RECORDS SHOWN:

+++++

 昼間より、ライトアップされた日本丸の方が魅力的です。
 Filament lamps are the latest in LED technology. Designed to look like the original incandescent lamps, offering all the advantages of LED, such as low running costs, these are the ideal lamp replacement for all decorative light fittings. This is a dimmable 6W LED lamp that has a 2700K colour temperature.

+++++

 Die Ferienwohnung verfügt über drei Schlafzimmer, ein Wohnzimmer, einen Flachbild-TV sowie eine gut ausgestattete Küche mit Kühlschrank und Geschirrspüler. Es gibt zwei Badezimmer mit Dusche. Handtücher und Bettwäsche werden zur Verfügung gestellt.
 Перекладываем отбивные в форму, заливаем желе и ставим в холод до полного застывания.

+++++

TASK TO CARRY OUT:
Give back, unchanged, the run of lines in the listing above that begins at the line containing "昼間より、ライトアップされた日本丸の方が魅力的です。" and ends at the line containing "Filament lamps are", both included.

TASK RESULT:
 昼間より、ライトアップされた日本丸の方が魅力的です。
 Filament lamps are the latest in LED technology. Designed to look like the original incandescent lamps, offering all the advantages of LED, such as low running costs, these are the ideal lamp replacement for all decorative light fittings. This is a dimmable 6W LED lamp that has a 2700K colour temperature.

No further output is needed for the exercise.